Seed starting is a widespread indoor gardening activity this time of year. It can be a great way to satisfy your gardening desires while waiting for spring to happen, but not all seeds are the same in their startup requirements. If you’ve ever tried to start seeds from native plants, you’ve likely been met with a bit of surprise or even disappointment when the vibrant seedlings you expected did not emerge.
Nature's Built-in Winter Protection
Most, but not all, native perennials have seed stratification requirements, meaning there are steps you need to take to pre-treat the seeds to ensure germination. This can be especially puzzling for many when you think about the masses of plants out in nature that easily grow from seed each year. There is nothing special done to those seeds, yet I have columbine (Aquilegia canadensis) popping up all over my gardens each spring, and there are tons of rattlesnake master (Eryngium yuccifolium) seedlings under my mature plants each year.
This all goes back to that age-old dilemma for gardeners in which we try to make plants do the things we want in our garden spaces, but they just don't always seem to pay attention. While it can be very frustrating to plant seeds and see little or no return, this is also the stuff that makes gardening fun. It wouldn’t be such a rewarding pastime if there weren’t some kind of challenge, right?
I’ve found it fascinating to test and observe the results of cold stratification. To me, all of this is simply a science experiment with varying factors we can manipulate to get the intended results. So, it helps to understand the basic biology behind the process before attempting any experiment.
How to Stratify Seeds Yourself
Essentially, seed stratification practices are designed to mimic natural conditions in winter. In most cases, simple cold stratification is required for a period of 30-60 days. This can be accomplished in a controlled environment, such as a refrigerator, or as simply as storing seeds in an unheated garden shed or outdoors over our colder months.
This mechanism has evolved in nature to prevent germination at the wrong time of year. When my rattlesnake plants drop their mature seeds in fall, it is critical that germination is delayed because the tender new seedlings would certainly be killed by frost and the consistent cold during winter months. With a built-in thermometer of sorts, the rattlesnake master seeds are programmed to await cold exposure before they sprout, which perfectly times the emergence of new seedlings with warmer spring weather.
Along with the exposure to cold, many seeds also require moisture to ensure good germination later. This is certainly a requirement in a refrigerator or other artificial settings because seeds can dry out, killing the embryo inside. In nature, our winters are filled with moisture, and seeds laying at or near the soil surface are constantly exposed to rain, sleet, snow, and other naturally occurring moisture.

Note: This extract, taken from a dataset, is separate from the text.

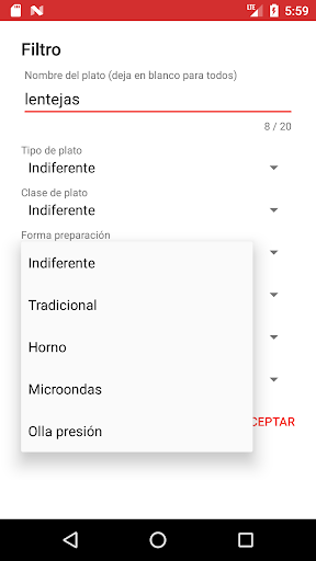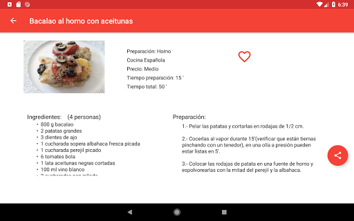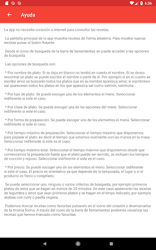 La app es totalmente funcional una vez descargada y no necesita conexión a Internet ni para la búsqueda de recetas ni para la visualización de las mismas.

However, natural conditions are not always perfect for stratification, and that’s why plants typically produce lots of seeds. Much of the seed production is expected to fail and that’s okay in nature when there is a thriving population of plants. The smaller fraction that succeeds in growing will be enough to perpetuate the species.
However, when you plant a flat of seeds expecting 100 seedlings to emerge, it's not ok to have 20% germination. So, we need to take extra steps with native seed to be sure maximum germination is achieved and to make our efforts worthwhile. In essence, we need to create the perfect winter conditions, which stay below 40 degrees for the required cold period while seed moisture is consistently maintained.
Additional Seed Dormancy Tricks
Some seeds have additional requirements beyond cold, moist stratification, and this is where things get interesting. Another part of the natural process of seed dormancy and germination is the breakdown of the seed coat or the protective outer layers of a seed. This protective layer naturally breaks down over time in nature, but we often need to give it some help in cultivation.
The process of breaking down the seed coat is referred to as scarification. It can be accomplished in a variety of ways, from knicking with a knife or rubbing it with abrasive materials, like sandpaper, to exposing the seed to boiling hot water.
If you’ve struggled with this in the past, perhaps the best recommendation is to leave it all to nature. Any seeds that require cold stratification work wonderfully when directly seeded in the fall and left to Mother Nature over winter. In spring, you should be pleasantly surprised with a bed of thriving seedlings.
Photo Caption: This seed pod contains up to 200 native milkweed seeds that require exposure to cold conditions, called cold stratification, before germinating.